The volume of air contained in the model is $66$ cm$^3$.
Radius $r=1.4$ cm. The two hemispherical ends make one sphere of diameter 2.8 cm, so the cylindrical length is $5-2.8=2.2$ cm. Volume of one gulab jamun $=\pi r^2h+\dfrac43\pi r^3=\dfrac{22}{7}\times1.4^2\times2.2+\dfrac43\times\dfrac{22}{7}\times1.4^3=25.0507$ cm$^3$ approximately. Syrup in 45 pieces $=45\times30\%\times25.0507=338.18$ cm$^3$ approximately.
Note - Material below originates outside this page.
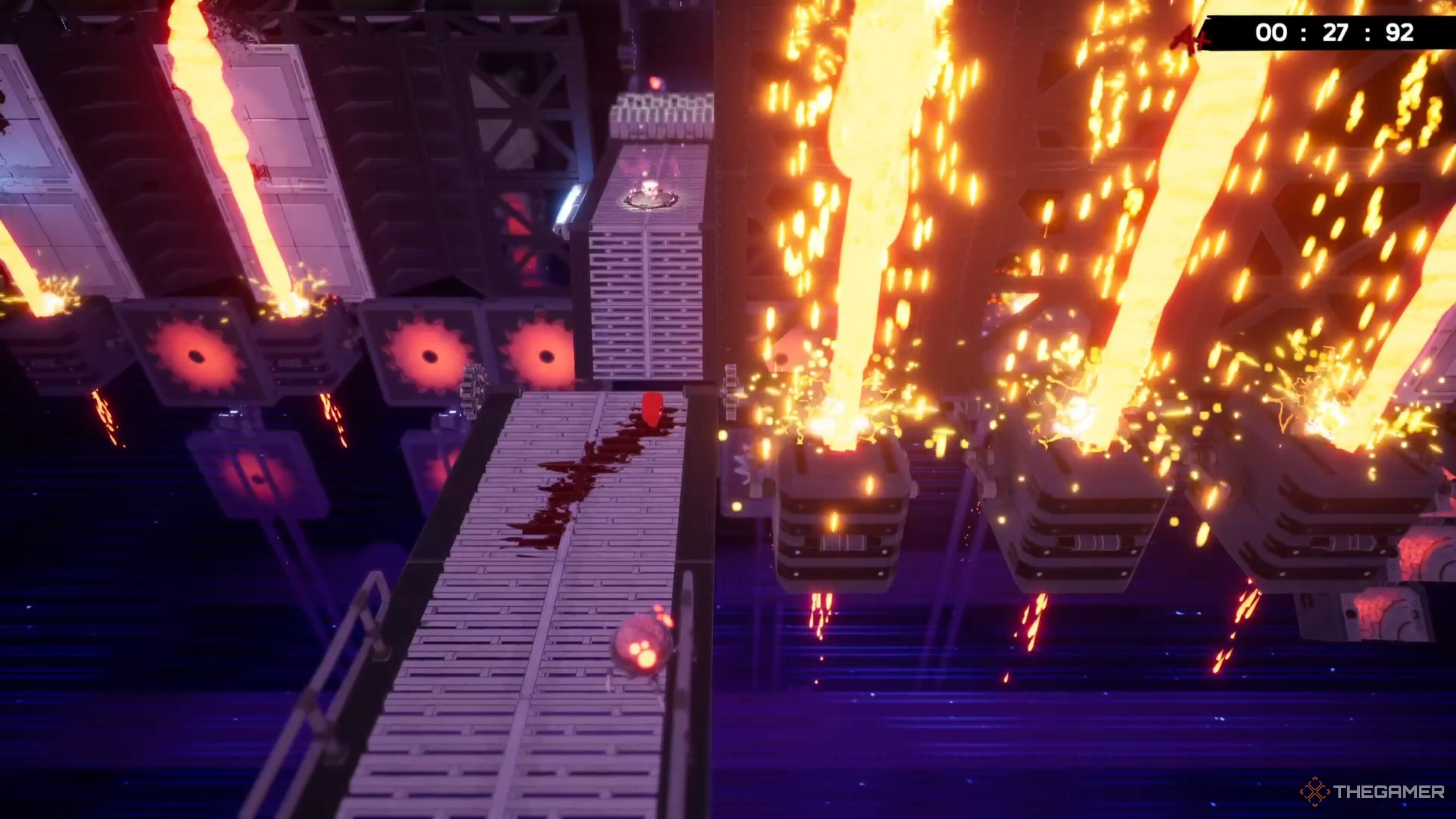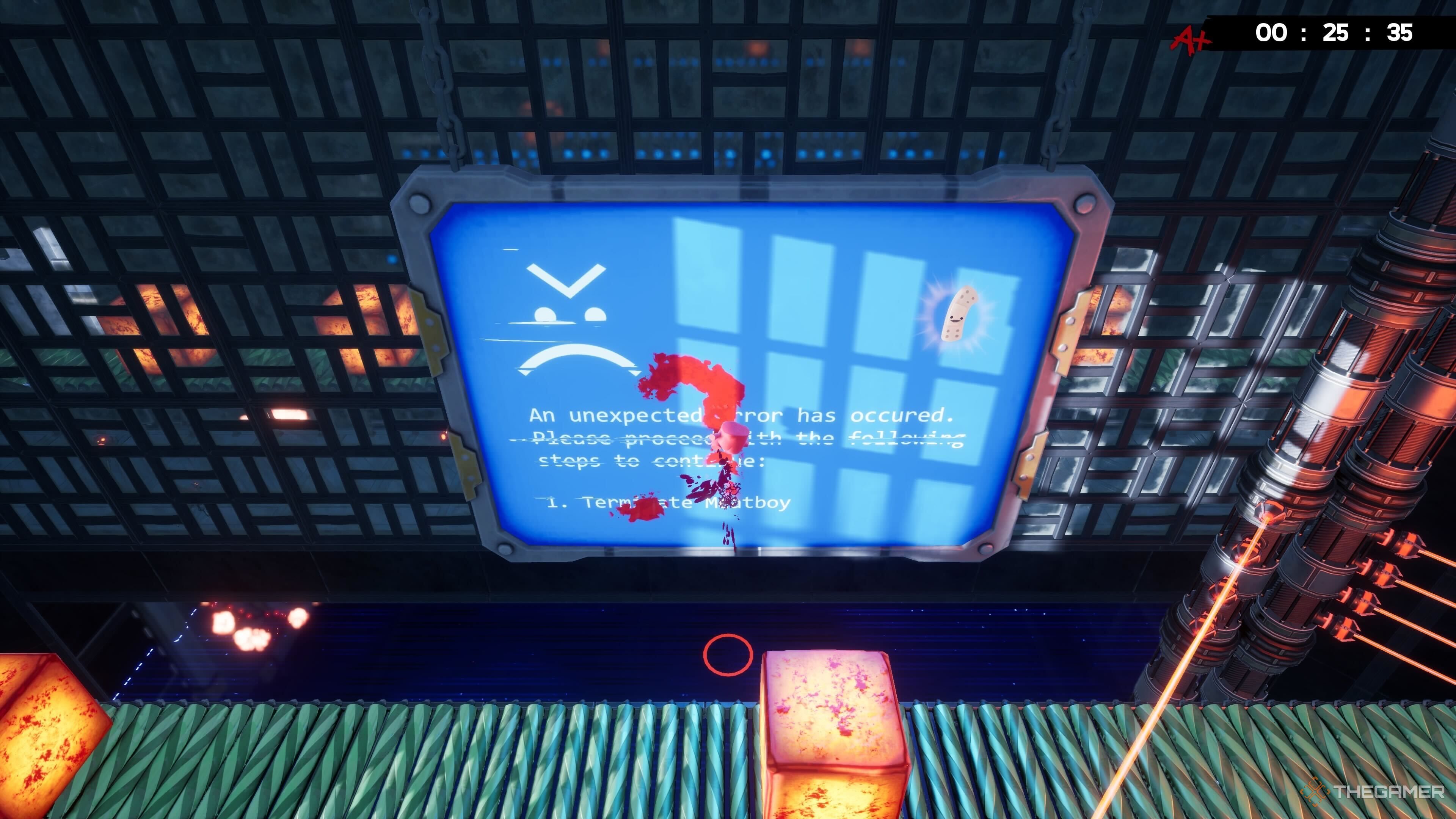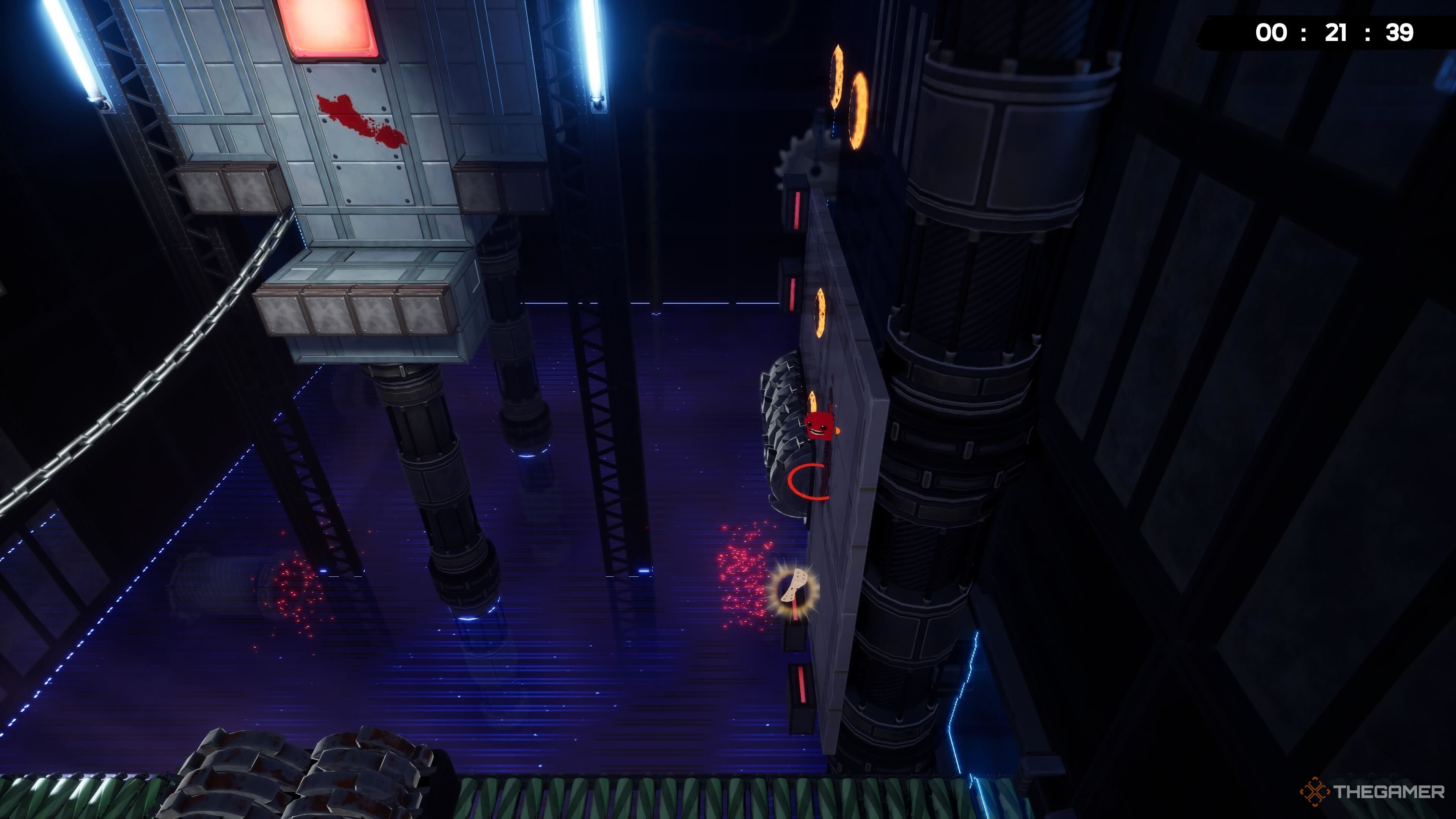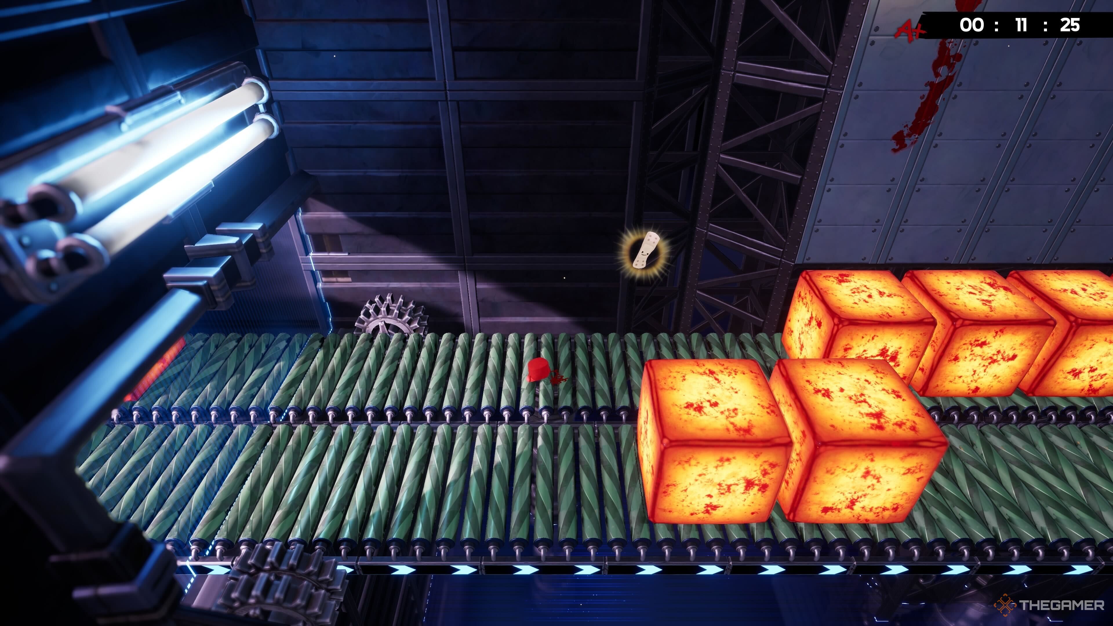 《Blazing Cube》中还有一个相当简单的绷带,尽管将它带到关卡的末尾是令人讨厌的部分。第一次爬上传送带后,您会看到另一条传送带带您继续向上。别上去,乘着它并向左跳以够到绷带。只需要留意会经过它的同名火焰块,然后利用墙壁向后跳。

Approximately $338.18$ cm$^3$ of syrup would be found in 45 gulab jamuns.
Volume of cuboid $=15\times10\times3.5=525$ cm$^3$. Volume of one conical depression $=\dfrac13\pi r^2h=\dfrac13\times\dfrac{22}{7}\times0.5^2\times1.4=0.3667$ cm$^3$. Four depressions remove $4\times0.3667=1.4667$ cm$^3$. Volume of wood $=525-1.4667=523.53$ cm$^3$ approximately.
The volume of wood in the pen stand is approximately $523.53$ cm$^3$.
Volume of the cone $=\dfrac13\pi r^2h=\dfrac13\pi\times5^2\times8=\dfrac{200\pi}{3}$ cm$^3$. One-fourth flows out, so displaced volume $=\dfrac{50\pi}{3}$ cm$^3$. Volume of one lead shot $=\dfrac43\pi(0.5)^3=\dfrac{\pi}{6}$ cm$^3$. Number of shots $=\dfrac{50\pi/3}{\pi/6}=100$.
The number of lead shots dropped is $100$.
The lower cylinder has radius 12 cm and height 220 cm; the upper cylinder has radius 8 cm and height 60 cm. Total volume $=3.14\times12^2\times220+3.14\times8^2\times60=111532.8$ cm$^3$. Mass $=111532.8\times8=892262.4$ g $=892.2624$ kg, approximately $892.26$ kg.
The mass of the pole is approximately $892.26$ kg.
Volume of cylinder $=\pi\times60^2\times180=648000\pi$ cm$^3$. Volume of cone $=\dfrac13\pi\times60^2\times120=144000\pi$ cm$^3$. Volume of hemisphere $=\dfrac23\pi\times60^3=144000\pi$ cm$^3$. Water left $=648000\pi-288000\pi=360000\pi=\dfrac{7920000}{7}$ cm$^3$.
The volume of water left is $\dfrac{7920000}{7}$ cm$^3$ or approximately $1131428.57$ cm$^3$.
For the spherical part, $r=4.25$ cm. Volume $=\dfrac43\times3.14\times4.25^3=321.39$ cm$^3$ approximately. The neck is a cylinder of radius 1 cm and height 8 cm, so its volume $=3.14\times1^2\times8=25.12$ cm$^3$. Total capacity $=321.39+25.12=346.51$ cm$^3$, which is close to $345$ cm$^3$.
The calculated capacity is approximately $346.51$ cm$^3$, so the child's measurement of $345$ cm$^3$ is approximately correct.